The dilemma: Chain-of-Thought reasoning makes VLAs significantly more accurate. But autoregressive generation of CoT tokens is far too slow for real-time deployment. You need the accuracy of reasoning without the latency of verbalization.

The obvious solution: skip the CoT and train the model to output trajectories directly. This is fast — only a handful of tokens — but accuracy drops. The model never gets to "think before it acts." You lose the entire benefit of chain-of-thought.

What if you could keep the thinking but skip the talking? What if the model could reason in some compressed, internal representation — a few latent tokens instead of hundreds of text tokens — and still get the accuracy boost? That is the question OneVL answers.

The CoT Speed Problem

Toggle between explicit CoT (slow, accurate) and answer-only (fast, less accurate). Watch the latency and accuracy trade-off. The bar chart shows why neither approach works for real-time driving.

Why is explicit Chain-of-Thought reasoning impractical for autonomous driving, despite improving accuracy?

Because CoT reasoning uses too much GPU memory Because autoregressively generating hundreds of reasoning tokens adds seconds of latency that a moving vehicle cannot afford Because language models cannot understand camera images

Chapter 1: The Key Insight

Previous work on "latent CoT" (methods like COCONUT and CODI) tried to compress text-based reasoning into a smaller set of latent tokens. The idea was simple: instead of generating 200 tokens of text, generate 20 latent tokens that encode the same information. But every single one of these methods underperforms explicit CoT. Compressing language reasoning into fewer tokens consistently loses important information.

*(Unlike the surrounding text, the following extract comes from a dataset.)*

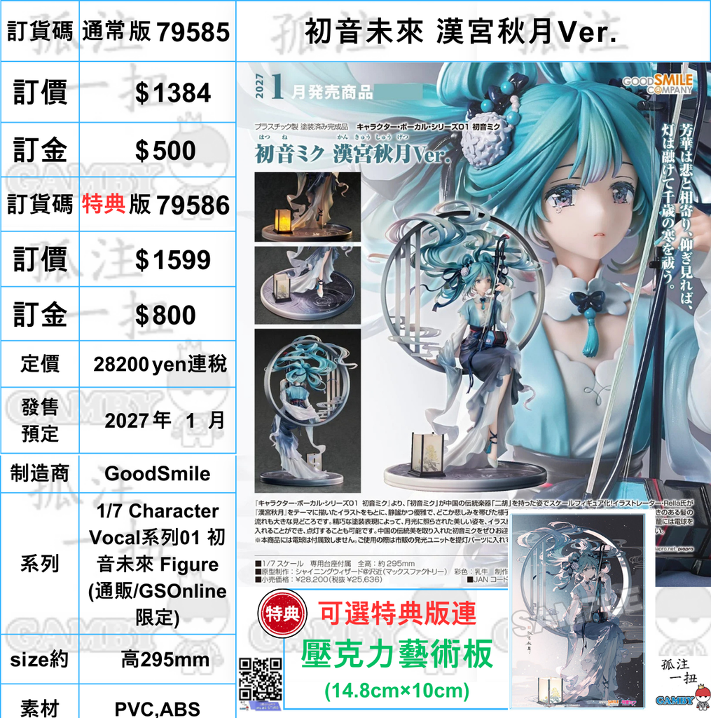 訂貨碼:79585&79586 <訂價$1384&1599> #(免手續費)初音未來 漢宮秋月Ver.=1/7 Character Vocal系列01 初音未來 Figure

OneVL's insight is that language is already an abstraction. When a driver thinks "the pedestrian is crossing from the left," those words are a compressed description of a rich visual scene — the pedestrian's position, velocity, trajectory, the geometry of the crosswalk, the motion of other agents. Language reasoning compresses the world into symbols. Compressing those symbols further loses the causal structure they represent.

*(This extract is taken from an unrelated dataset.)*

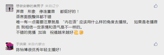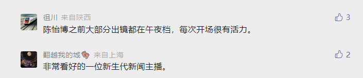 “我几乎每天都看央视新闻频道《午夜新闻》,所有主持人里面,只有陈怡博每次开头说‘大家晚上好!’充满朝气,让人觉得你看的不是《午夜新闻》,是《朝闻天下》。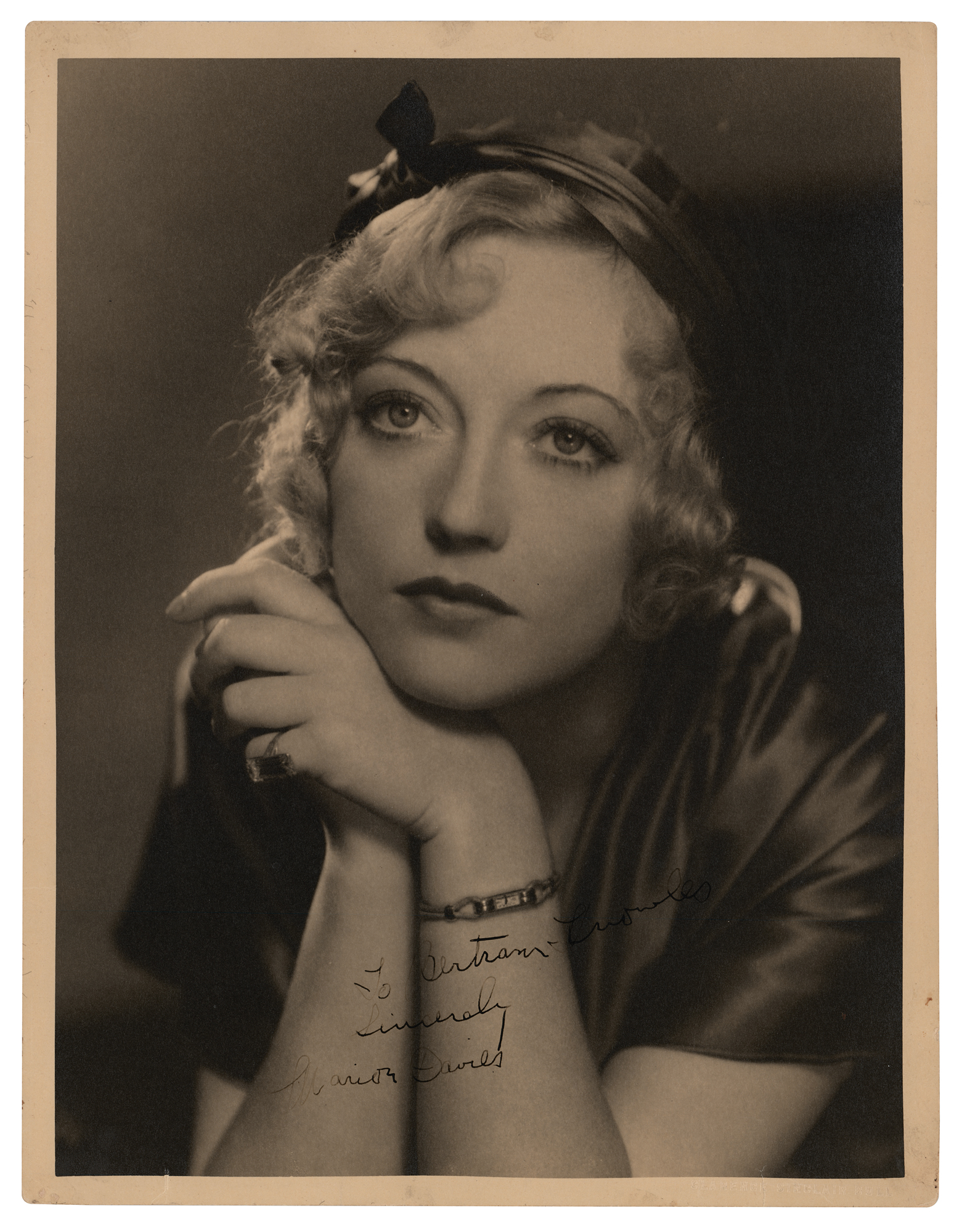 Beautiful vintage matte-finish 10 x 13 portrait photo of the popular leading lady by Clarence Sinclair Bull, signed and inscribed in fountain pen, “To Bertram…Sincerely, Marion Davis.” The reverse bears an MGM photo credit stamp for Bull, numbered “B2436.” In fine condition, with reduced ink flow to the first letter of the signature.

The key insight: Instead of compressing language reasoning alone, compress BOTH language reasoning AND visual future prediction into latent tokens. This forces the latent representation to encode causal dynamics — the actual physics of the scene — not just symbolic abstractions. Tighter compression that captures causal structure produces more generalizable representations than verbose token-by-token reasoning.

Concretely, OneVL introduces two types of latent tokens in the response sequence:

Visual latent tokens (Z_v): 4 special tokens that expand to 35 actual VLM tokens. These encode spatial-temporal reasoning — what the road and agents will look like in the near future.
Language latent tokens (Z_l): 2 special tokens that expand to 20 actual VLM tokens. These encode the language reasoning that would have been spelled out in a full CoT.

Each type of latent token is supervised by its own auxiliary decoder. The language decoder reconstructs CoT text from the language latent tokens. The visual decoder predicts future camera frames from the visual latent tokens. At inference, both decoders are discarded — only the latent tokens remain, prefilled in a single parallel pass.

Explicit CoT

VLM generates 200+ text tokens of reasoning, then trajectory. Accurate but slow.

↓ compress

Prior Latent CoT

Replace text with ~20 latent tokens supervised by language decoder only. Faster, but loses accuracy vs explicit CoT.

↓ add visual supervision

OneVL

35 visual + 20 language latent tokens, supervised by BOTH language and visual decoders. Surpasses explicit CoT at answer-only speed.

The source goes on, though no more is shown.